NLRB staff reviewed how the board and other independent agencies have handled recusal and found there is no standard practice. During the Obama administration, Republican Philip Miscimarra recused himself from an independent-contracting case involving FedEx, though Democrats Craig Becker and Kent Hirozawa participated in cases involving a former employer or its client.
Federal law prohibits executive agency appointees from “participation in a particular matter that will have a direct and predictable effect” on their own financial interest or those of a family member. But in other cases, the NLRB report notes, government ethics rules direct appointees to consider whether their “impartiality would be questioned.”
At most agencies, ethics officers work with appointees to resolve potential conflicts, but the appointee makes the decision on recusal. The Securities and Exchange Commission has adopted a regulation specifically referring recusal motions to individual commissioners.

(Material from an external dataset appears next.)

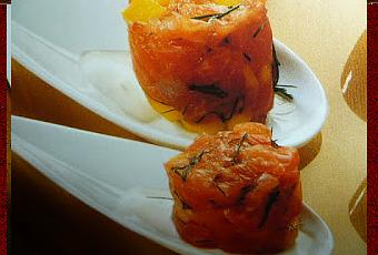 tritate il tonno con un coltello unitevi un ciuffo di finocchietto tritato i mango a dadini minuscoli pelate un pezzo di zenzero grattugiatelo e raccogliete la polpa in un pezzo di carta da cucina spremetene il succo condite il salmone con parte del succo e pepe bianco
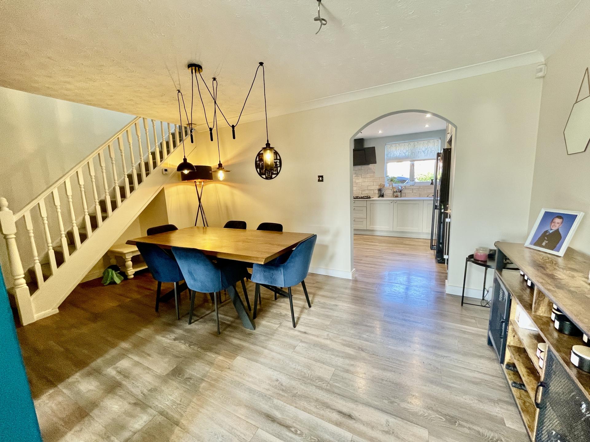 DINING ROOM: 17'8 x 10'9 (5.40m x 3.29m) Dual aspect fireplace opening to both lounge & dining room. Radiator. Stairs to first floor. Wood effect "Karndean" flooring. Opening to:

Federal judges also decide whether they are too conflicted to hear cases. Justice Elena Kagan recused herself from cases in which she represented the Obama administration as solicitor general. But judges don’t usually recuse from cases merely because they previously worked for a law firm representing a client with an interest in an issue before them.
The report concludes that the president may intervene if a board member violates an ethics pledge, and parties in cases may cite conflicts if they appeal decisions in federal court. But Trump appointees shouldn’t hold themselves to a standard that Democrats haven’t followed and won’t in the future.